赤々舎さんで石川竜一『いのちのうちがわ』、深瀬昌久『サスケ』を見せてもらって丹念にめくってました。『いのちのうちがわ』を生で見られたのは幸いでした。懇切丁寧に接客していただいて感謝です。動物の獲れたての内蔵が実に美味そうだし、写真のクオリティが高いので、本当にこのまま額装して作品として飾れる。


写々者さんはいつもオンラインでバカスカ買ってるので、ダダッと確認だけしておく。どうせまた狂ったように買うと思うので・・・ 

道音舎さんは初めて知った。紀伊半島を拠点としたレーベルで、和歌山に由来のある写真家の写真集が出ていた。へえーー。地域に密着した写真家の特集というのは面白い切り口。地酒みたいでいいですね。

 

crevasseさんは活きの良い新進気鋭のZINEを次々と出している。とにかく手元の作品を何らかの形にしようとしている人には、すごく参考になるはず。安いから試し買いがしやすい。個性が豊か。
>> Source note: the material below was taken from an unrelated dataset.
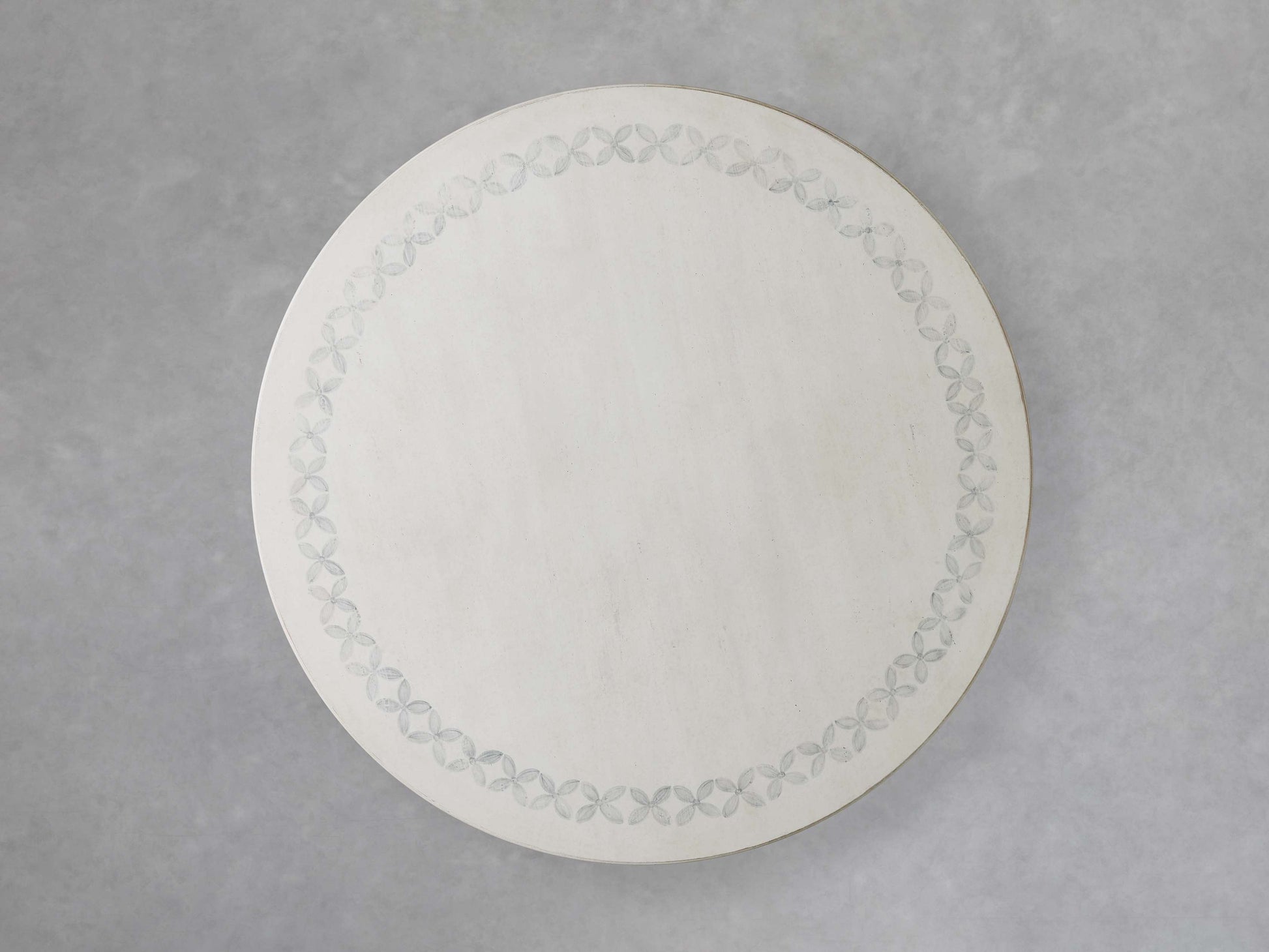 - The top and bottom is beautifully hand-finished in Antique White. The detailed pattern along the border is hand-painted in a complementing finish for an elegant, timeless aesthetic.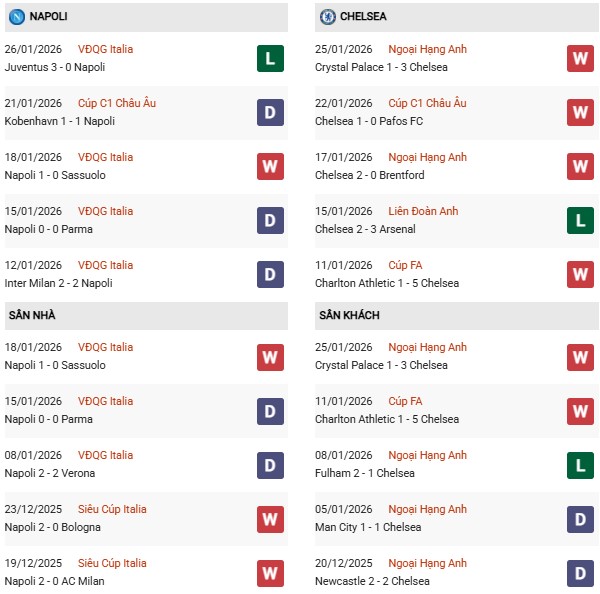- 2 trận đối đầu gần nhất giữa 2 đội, Napoli thắng 1, thua 1 trước Chelsea.

原石の力というか、一般受けしないだろうし、写真史的な位置付けとか学術的評価と別のところで活発に何か生み出されてるのがたまりません。


で見たら見覚えのある白い作業着(?)、作家の東地雄一郎さんがいてはったんですよ。

ちょうど前日に「ブックカッティング for mountain」=「自分の写真集『mountain』を真っ二つに切断する」というブチ切れた(誉め言葉)パフォーマンスをしていたところで、そのようすはこちら。

 

 

そもそもの写真集『mountain』「富士山の写真のコピーを2000回コピーする」という、問いに満ち満ちた行為であり、行為の形で提示した思考であり、答えのない試行であって、これはもうご本人に頑張って邁進していただくしかない探求領域なのであります。1年前にトークをしました。楽しかったですね。

 

 

crevasseさんのブースでは、切りたてほやほやの写真集の束が置いてあり、その束の断面をコピーした1枚が「作品」として売られていました。作品とは何か。問いが作品である。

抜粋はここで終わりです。